In a preferred embodiment, the method includes administering to a wound an effective amount of: laminin 15, laminin 14, or a combination thereof.
Still another feature of the invention provides a method of promoting a condition, e.g., promoting retina inter-photoreceptor matrix stability; promoting the production, stability, and/or development of a retina photoreceptor or an element thereof, e.g., outer segment, inner segment, cell body, and/or synapses; promoting retinal contact, continuity, and/or adhesion; promoting the stability of synapses; and/or promoting the formation of synapses. The method includes administering an effective amount of: laminin 15, laminin 14, or a combination thereof.
Another feature of the invention provides a method for preparing an implant. For example, a method of preparing an implantable tip, an implantable catheter, a retinal implant, a timed releasing device, a neural cell growth guide, an artificial tissue, an implant of the central nervous system, or an implant of the peripheral nervous system. The method includes contacting, e.g., coating or incubating, the implant with laminin 15. In a preferred embodiment, laminin 15, laminin 14, or combinations thereof, can be used for treatment of a damaged eye, e.g., to increase photosentivity in an eye, e.g., by implanting a tip coated with laminin 15, laminin 14, or a combination thereof, into the eye.

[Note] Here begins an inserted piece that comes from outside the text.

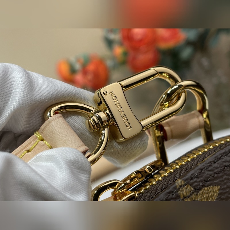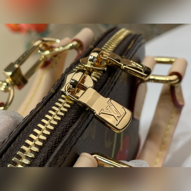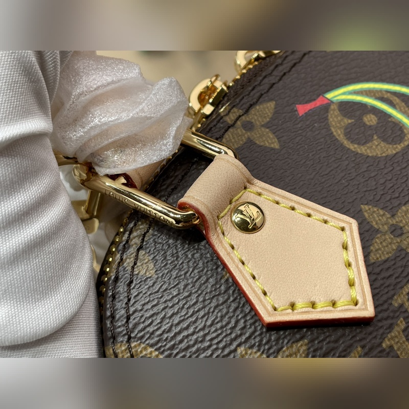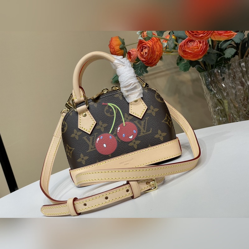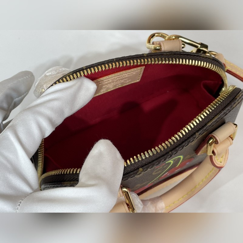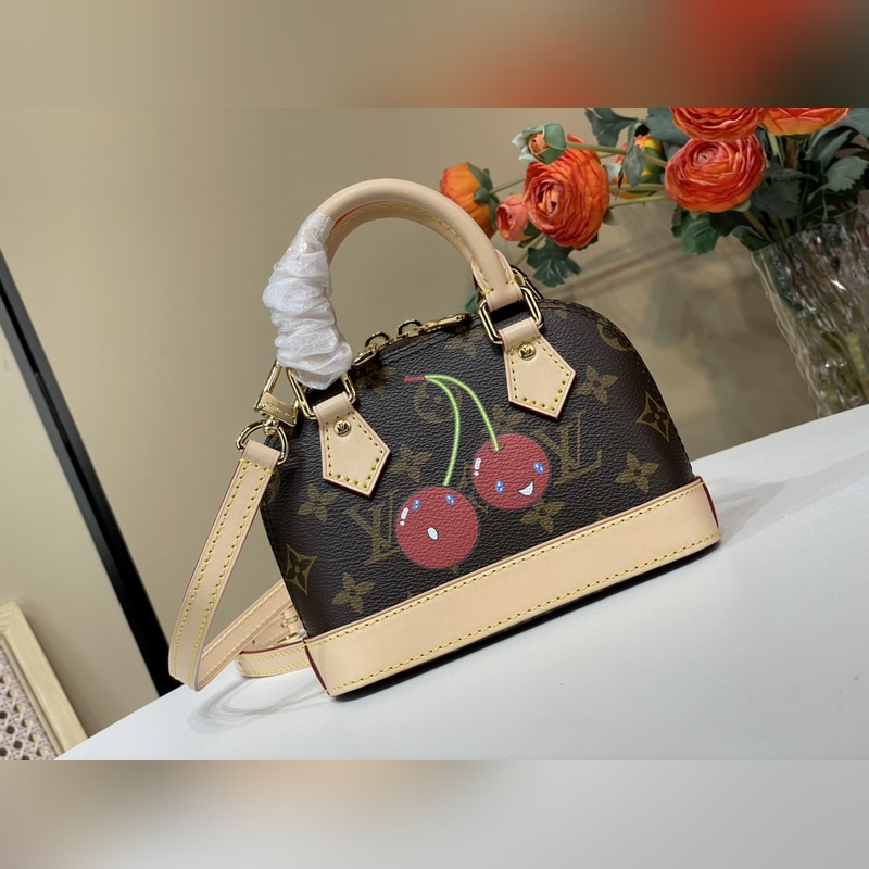 탑급 원단 복제품 독점 실물 촬영 [LV x TM Nano Alma ] m13416 올드 플라워/체리 나노 알마는 주얼리 비율로 디자인되었으며 루이 비통 x 무라카미 시리즈 2탄의 기발한 체리 패턴으로 장난기 넘치는 매력을 더했습니다. 모노그램 코팅 캔버스로 클래식한 하우스 코드를 투영하며 상단 핸들과 탈부착 가능한 조절 스트랩을 포함한 천연 소가죽 장식으로 다양한 휴대 옵션을 제공합니다. 내부에는 소형 지갑과 대형 스마트폰을 포함한 일상 필수품을 수납할 수 있습니다. 사이즈: 18 x 12 x 8cm
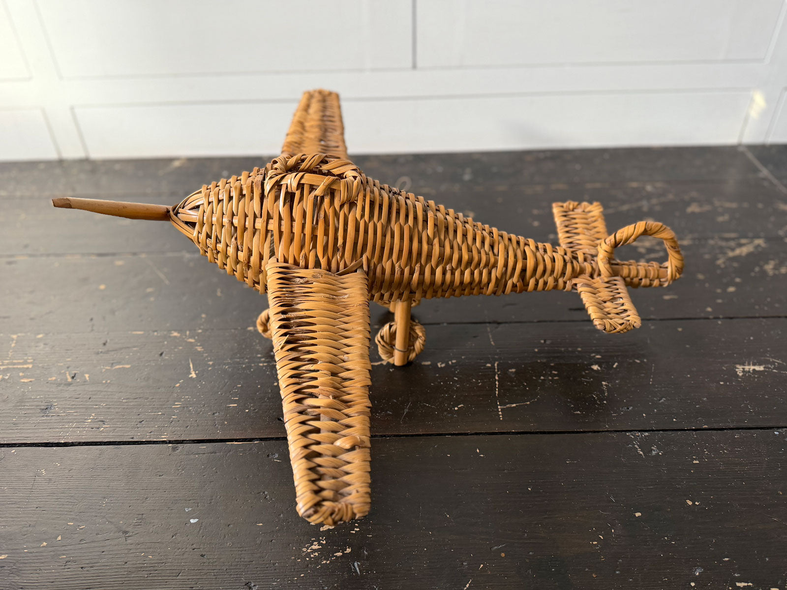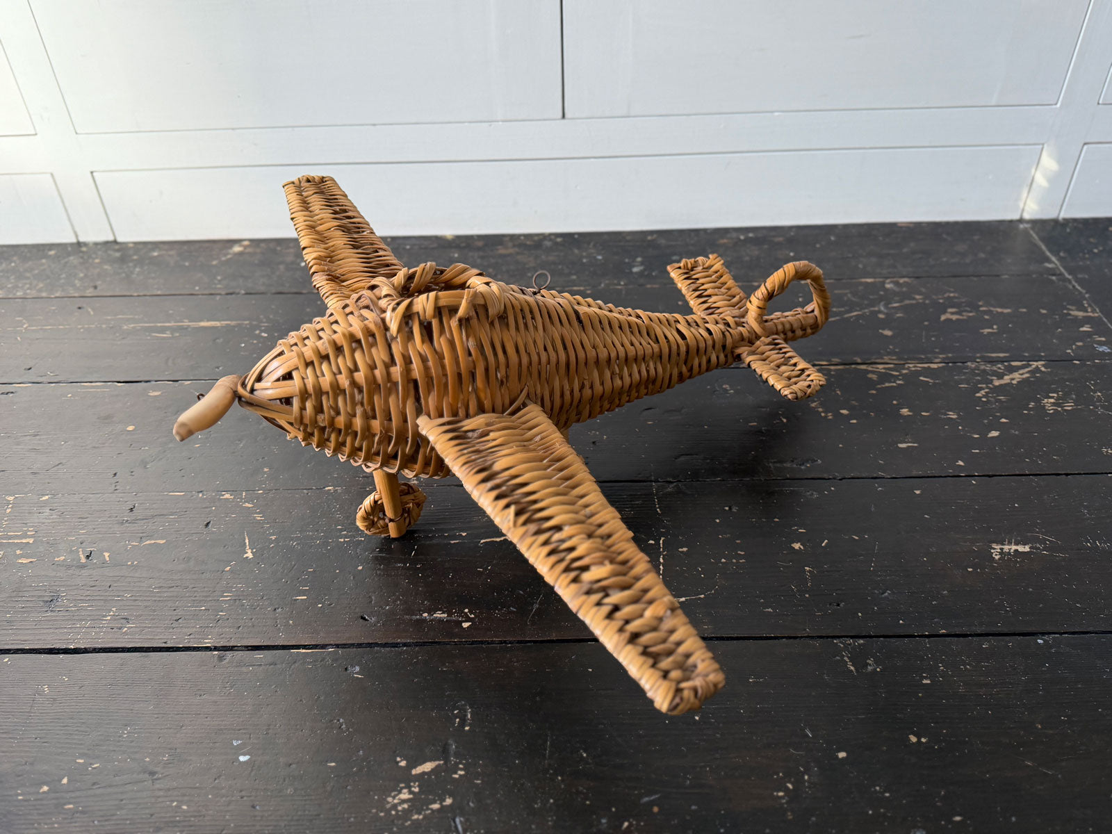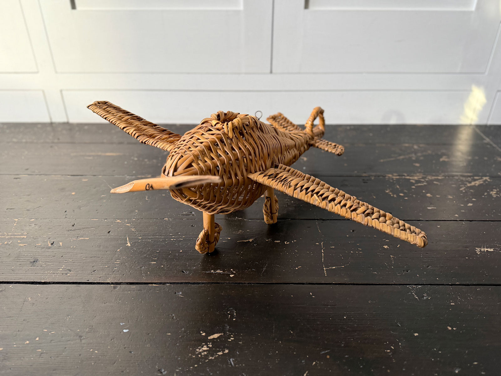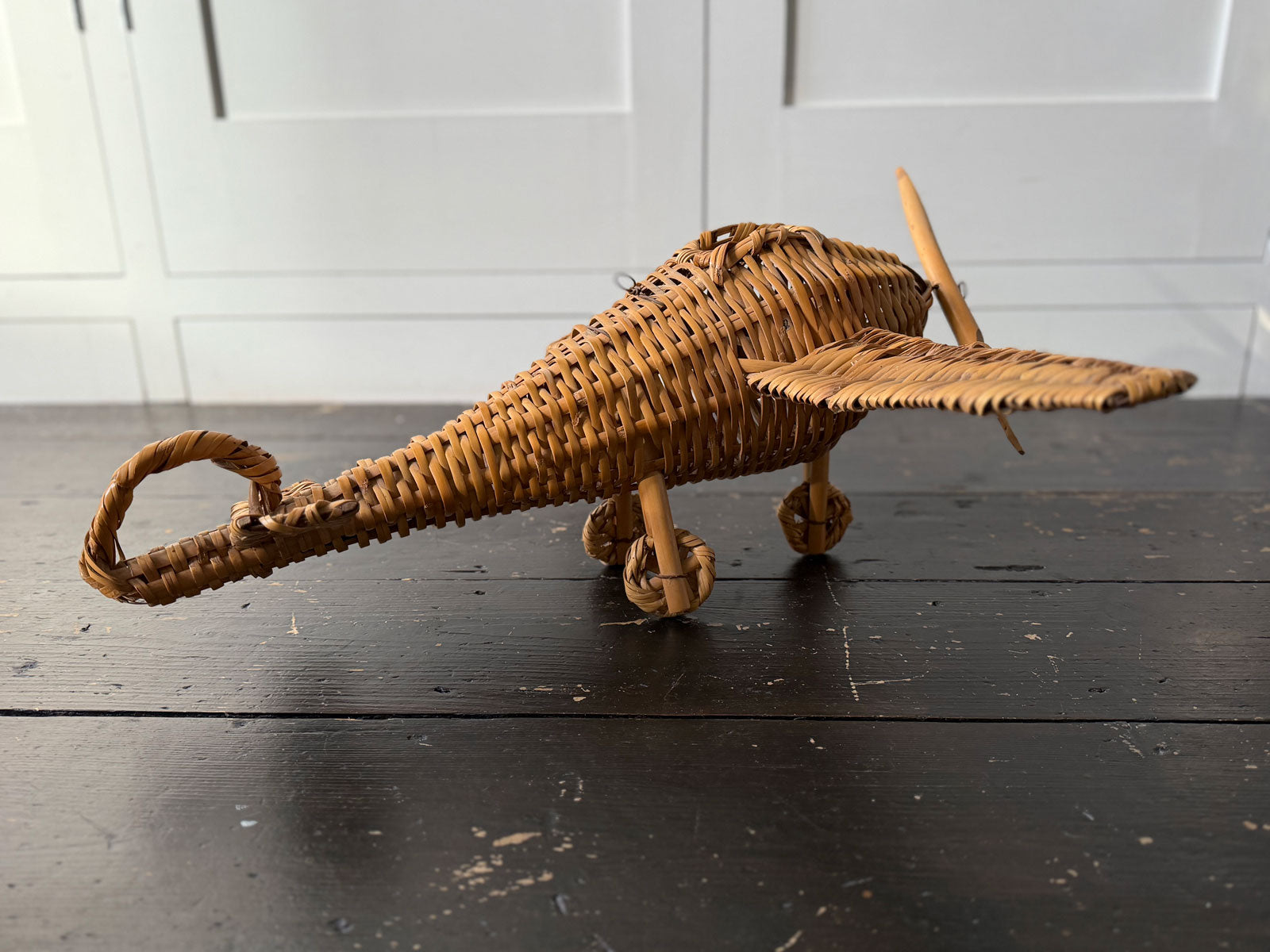A charming vintage rattan aeroplane with hoop for hanging taken from an old French toy store.

In a preferred embodiment, the implant is a subretinal implant, e.g., subretinal microphotodiodes, a visual prosthesis, e.g., a photoreceptive prosthesis (e.g., as reviewed in Peachey, J Rehabil Res Dev (1999) 36(4):371-6), an implant for photoreceptor replacement, a phototransistor, or a subretinally implanted microphotodiode array (MPDA) implant. Such implants are described in Zrenner et al. (1997) Ophthalmic Res 29(5):269-80; Zrenner et al. (1999) Vision Res 39(15):2555-67, or in the abstract entitled xe2x80x9cCan Subretinal Microphotodiodes Successfully Replace Degenerated hotoreceptors?xe2x80x9d submitted by E. Zrenner et al. at the Vision Research Conference held on May 9, 1998. An example of a corneal keratoprosthesis (the Aachen-Keratoprosthesis) is described in Kompa et al. (2000) Int J Artif Organs 23(5):345-8.
A method of evaluating a compound for the ability to interact with, e.g., bind, a subject laminin 15 is provided. The method includes: contacting the compound with the subject laminin 15; and evaluating ability of the compound to interact with, e.g., to bind or form a complex with the subject laminin 15. This method can be performed in vitro, e.g., in a cell free system, or in vivo. This method can be used to identify naturally occurring molecules which interact with subject laminin 15. It can also be used to find natural or synthetic inhibitors of subject laminin 15. Screening methods are discussed in more detail below.
In one embodiment, an assay is a cell-based assay in which a cell which expresses laminin 15 or biologically active portion thereof is contacted with a test compound, and the ability of the test compound to modulate laminin 15 activity is determined.
The ability of the test compound to modulate laminin 15 binding to a compound, e.g., a laminin 15 substrate, or to bind to laminin 15 can also be evaluated.
Soluble and/or membrane-bound forms of isolated proteins (e.g., laminin 15 or biologically active portions thereof can be used in the cell-free assays of the invention. When membrane-bound forms of the protein are used, it may be desirable to utilize a solubilizing agent. Examples of such solubilizing agents include non-ionic detergents such as n-octylglucoside, n-dodecylglucoside, n-dodecylmaltoside, octanoyl-N-methylglucamide, decanoyl-N-methylglucamide, Triton(copyright) X-100, Triton(copyright) X-114, Thesit(copyright), Isotridecypoly(ethylene glycol ether)n, 3-[(3-cholamidopropyl)dimethylamminio]-1-propane sulfonate (CHAPS), 3-[(3-cholamidopropyl) dimethylamminio]-2-hydroxy-1-propane sulfonate (CHAPSO), or N-dodecyl=N, N-dimethyl-3-ammonio-1-propane sulfonate.
Cell-free assays involve preparing a reaction mixture of the target gene protein and the test compound under conditions and for a time sufficient to allow the two components to interact and bind, thus forming a complex that can be removed and/or detected.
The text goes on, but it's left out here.